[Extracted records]
>>>>

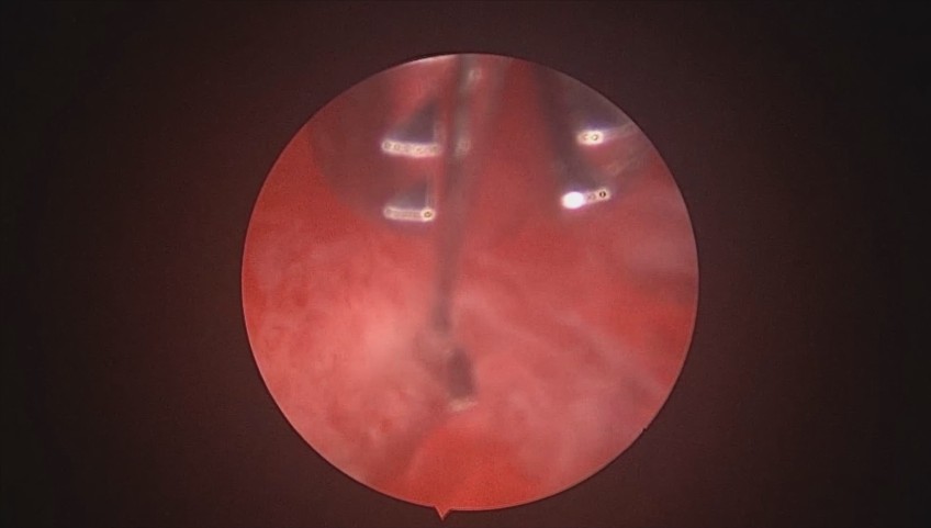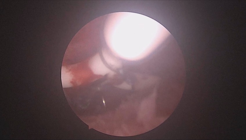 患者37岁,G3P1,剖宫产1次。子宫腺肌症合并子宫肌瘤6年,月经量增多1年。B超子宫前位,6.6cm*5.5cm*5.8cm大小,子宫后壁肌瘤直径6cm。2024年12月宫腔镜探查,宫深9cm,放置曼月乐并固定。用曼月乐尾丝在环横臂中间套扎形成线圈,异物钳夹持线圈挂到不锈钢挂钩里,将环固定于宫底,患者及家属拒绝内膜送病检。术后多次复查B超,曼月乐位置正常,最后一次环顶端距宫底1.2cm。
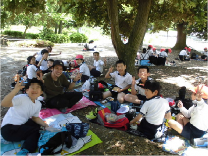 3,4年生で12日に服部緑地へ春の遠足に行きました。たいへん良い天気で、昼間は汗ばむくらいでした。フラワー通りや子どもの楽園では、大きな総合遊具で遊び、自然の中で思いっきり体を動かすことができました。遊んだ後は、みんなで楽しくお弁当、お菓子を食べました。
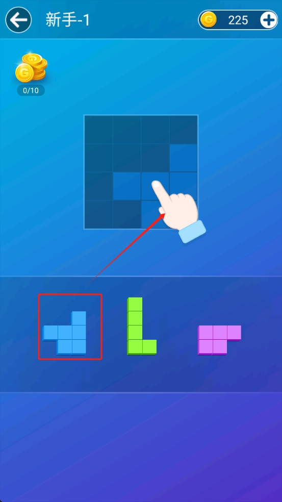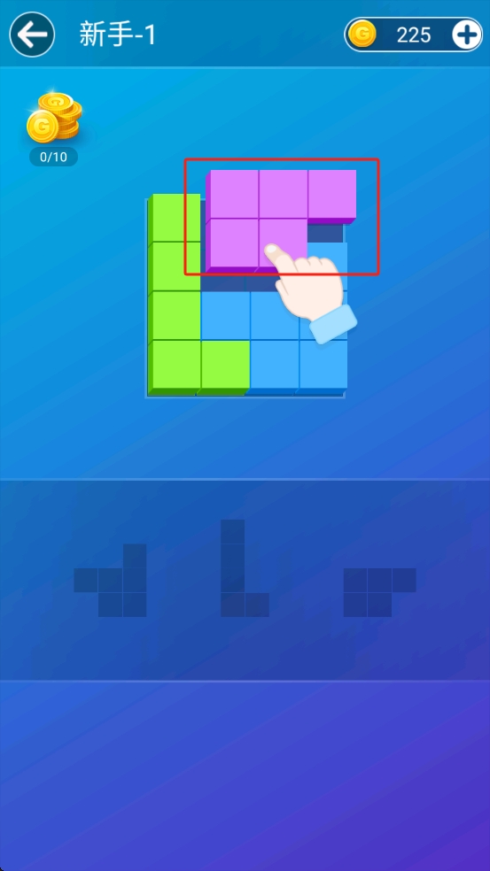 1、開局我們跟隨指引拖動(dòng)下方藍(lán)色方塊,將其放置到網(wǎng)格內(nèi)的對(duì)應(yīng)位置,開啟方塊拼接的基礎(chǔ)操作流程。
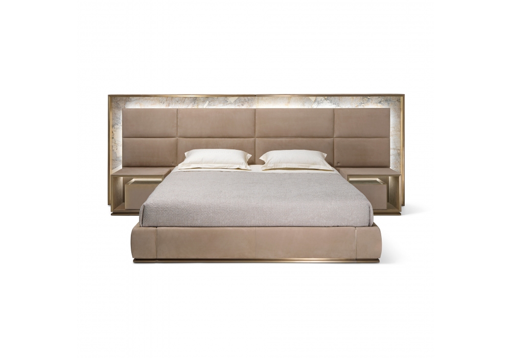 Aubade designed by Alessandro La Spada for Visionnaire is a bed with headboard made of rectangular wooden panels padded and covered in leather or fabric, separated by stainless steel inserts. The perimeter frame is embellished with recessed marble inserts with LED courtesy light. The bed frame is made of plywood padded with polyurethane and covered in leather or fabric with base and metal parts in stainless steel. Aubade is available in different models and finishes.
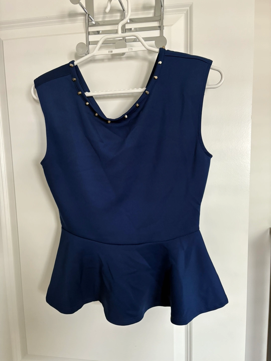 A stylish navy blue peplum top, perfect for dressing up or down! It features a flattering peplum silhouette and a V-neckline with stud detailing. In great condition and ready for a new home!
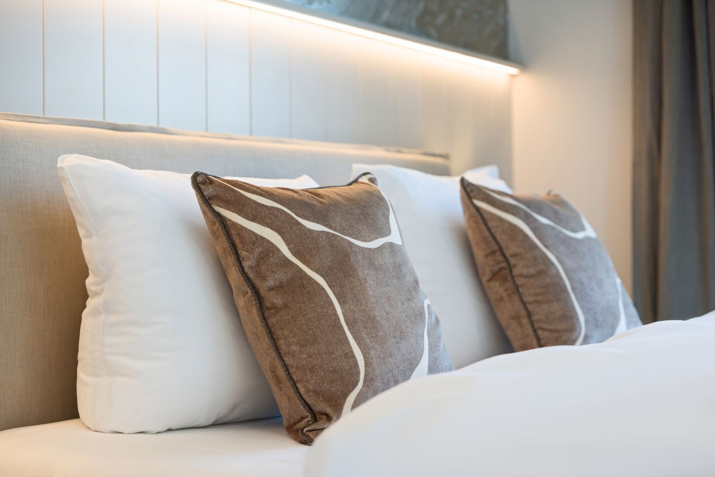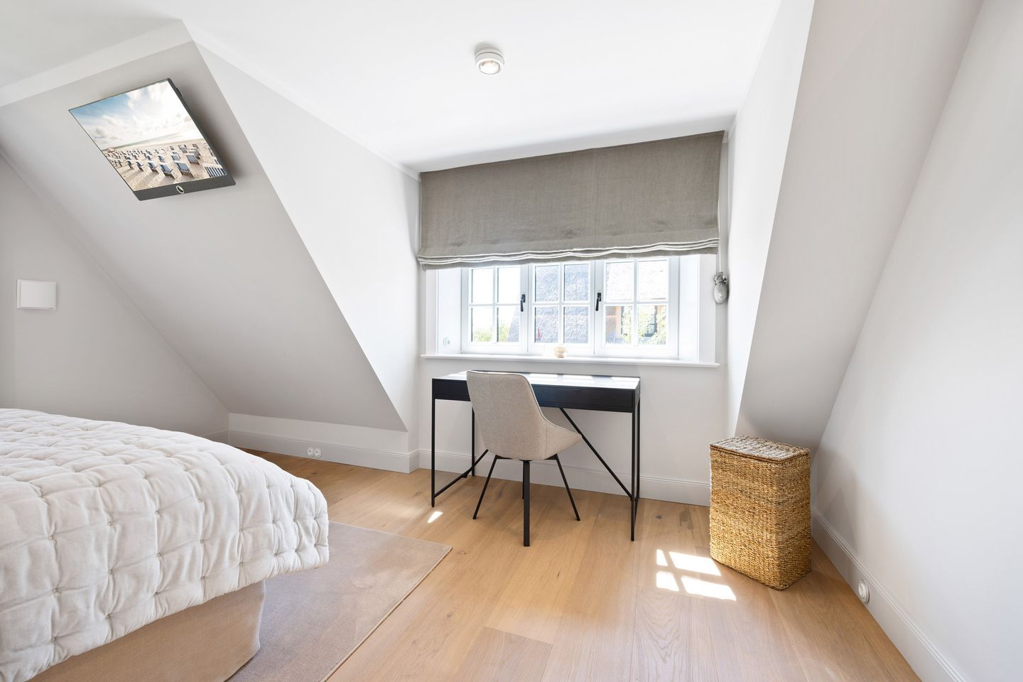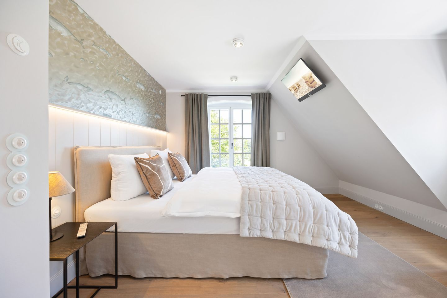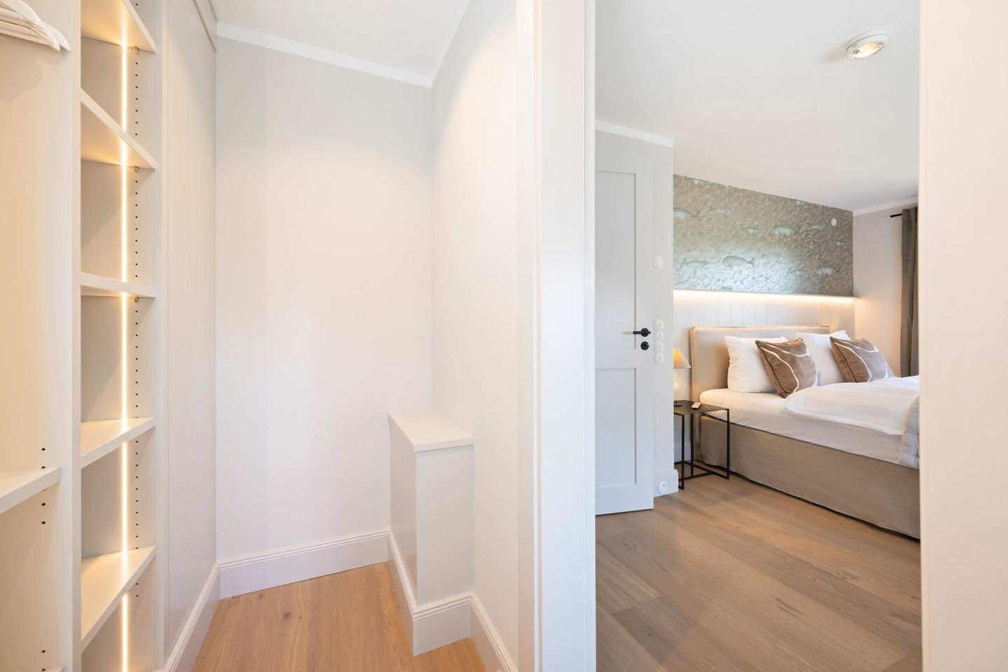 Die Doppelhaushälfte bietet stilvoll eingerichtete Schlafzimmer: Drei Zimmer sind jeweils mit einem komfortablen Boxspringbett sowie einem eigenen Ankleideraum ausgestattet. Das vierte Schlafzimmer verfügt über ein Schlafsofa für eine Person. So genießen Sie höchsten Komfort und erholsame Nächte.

<<<<
>>>>

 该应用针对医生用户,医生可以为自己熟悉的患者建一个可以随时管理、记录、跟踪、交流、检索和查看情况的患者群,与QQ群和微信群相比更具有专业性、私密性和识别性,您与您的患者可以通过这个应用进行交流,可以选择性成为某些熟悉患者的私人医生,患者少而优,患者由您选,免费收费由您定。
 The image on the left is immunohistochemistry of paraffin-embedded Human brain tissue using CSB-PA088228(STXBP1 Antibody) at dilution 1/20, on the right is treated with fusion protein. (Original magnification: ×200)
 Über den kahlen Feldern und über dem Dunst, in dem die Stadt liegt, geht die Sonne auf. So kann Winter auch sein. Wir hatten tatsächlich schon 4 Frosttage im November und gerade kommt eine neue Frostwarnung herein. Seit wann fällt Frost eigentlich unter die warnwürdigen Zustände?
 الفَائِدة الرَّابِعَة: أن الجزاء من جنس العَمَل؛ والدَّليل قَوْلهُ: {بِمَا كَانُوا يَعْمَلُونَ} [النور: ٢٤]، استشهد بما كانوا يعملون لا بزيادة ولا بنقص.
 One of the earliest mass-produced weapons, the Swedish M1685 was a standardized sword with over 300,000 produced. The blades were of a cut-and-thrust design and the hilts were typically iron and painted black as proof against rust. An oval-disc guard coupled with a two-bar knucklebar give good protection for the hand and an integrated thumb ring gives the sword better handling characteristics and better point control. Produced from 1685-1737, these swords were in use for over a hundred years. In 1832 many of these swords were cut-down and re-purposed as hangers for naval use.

<<<<
>>>>

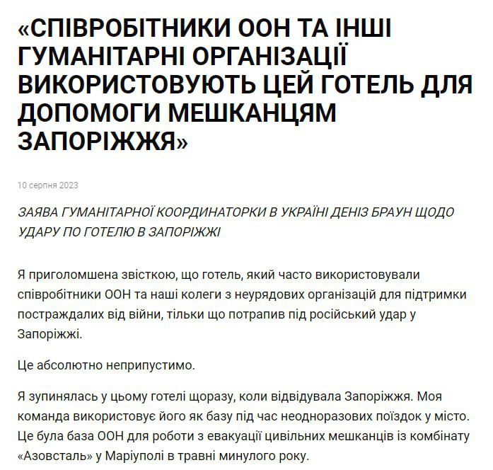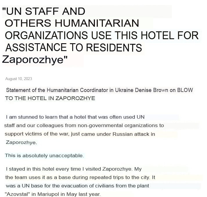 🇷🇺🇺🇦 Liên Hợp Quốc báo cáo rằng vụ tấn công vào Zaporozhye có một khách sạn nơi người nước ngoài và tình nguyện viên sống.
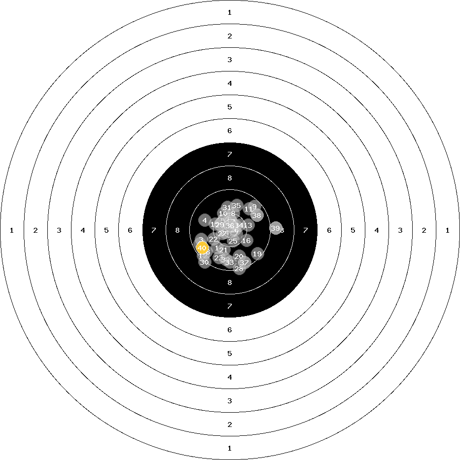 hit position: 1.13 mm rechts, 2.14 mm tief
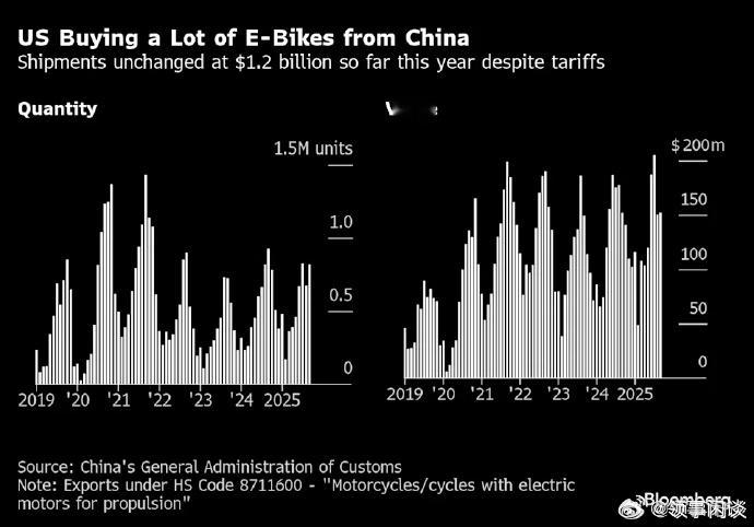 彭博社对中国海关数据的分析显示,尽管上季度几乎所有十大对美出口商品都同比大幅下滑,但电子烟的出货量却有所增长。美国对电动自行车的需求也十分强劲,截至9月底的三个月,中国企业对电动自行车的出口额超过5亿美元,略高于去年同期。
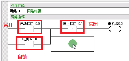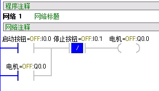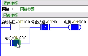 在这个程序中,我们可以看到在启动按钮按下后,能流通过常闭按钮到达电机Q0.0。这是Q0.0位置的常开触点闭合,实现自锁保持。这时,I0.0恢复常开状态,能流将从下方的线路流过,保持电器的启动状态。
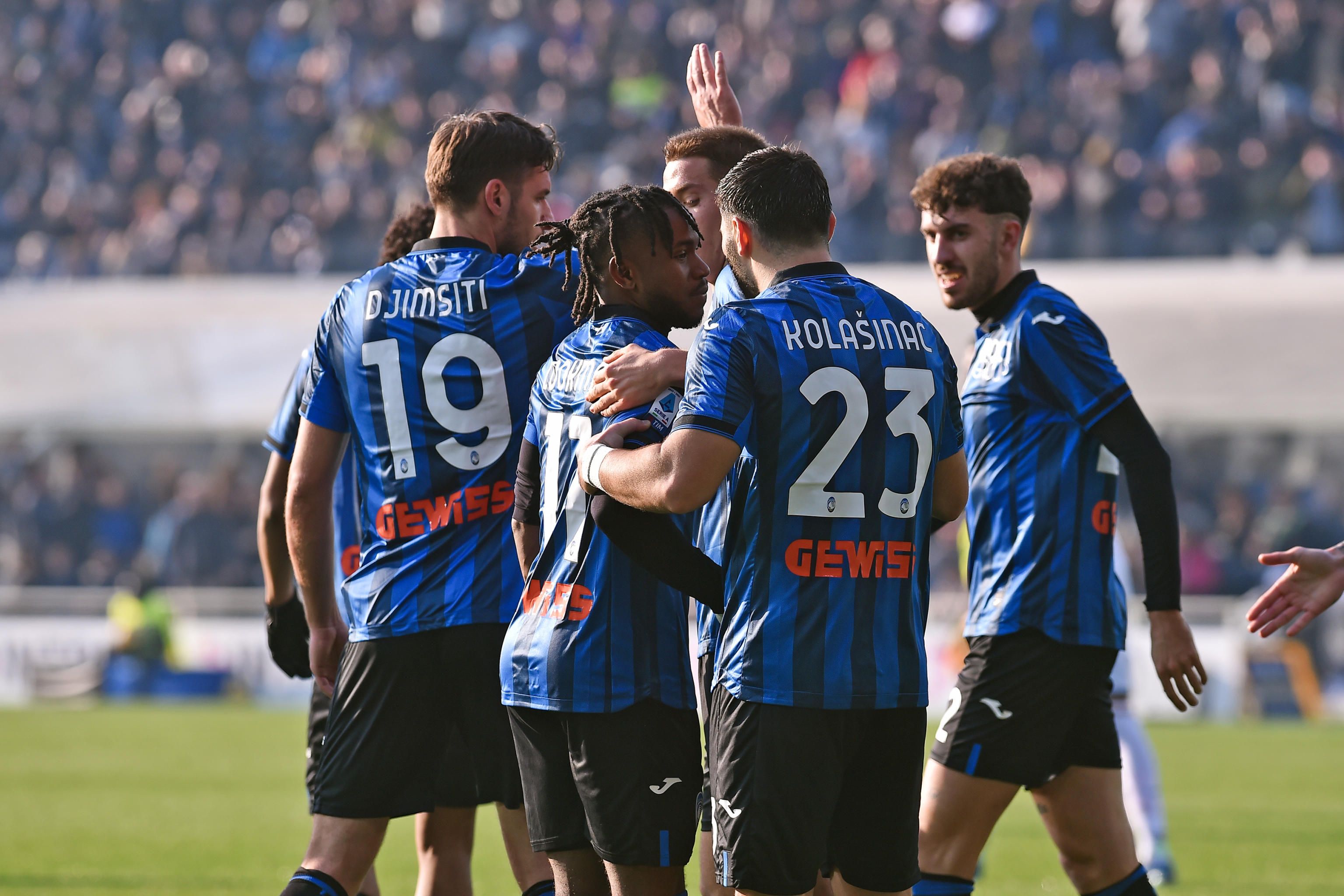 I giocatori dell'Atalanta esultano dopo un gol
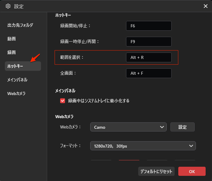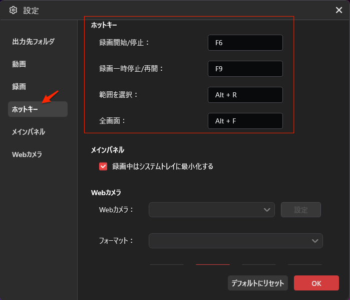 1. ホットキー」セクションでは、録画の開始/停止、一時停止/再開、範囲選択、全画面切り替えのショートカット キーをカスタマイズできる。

<<<<

» **TASK BRIEF**
In the records above, find the line with "A stylish navy" and the line with "Die Doppelhaushälfte bietet"; please transcribe exactly those two lines and all lines between them, omitting any picture.

» **TASK SOLUTION**
 A stylish navy blue peplum top, perfect for dressing up or down! It features a flattering peplum silhouette and a V-neckline with stud detailing. In great condition and ready for a new home!
 Die Doppelhaushälfte bietet stilvoll eingerichtete Schlafzimmer: Drei Zimmer sind jeweils mit einem komfortablen Boxspringbett sowie einem eigenen Ankleideraum ausgestattet. Das vierte Schlafzimmer verfügt über ein Schlafsofa für eine Person. So genießen Sie höchsten Komfort und erholsame Nächte.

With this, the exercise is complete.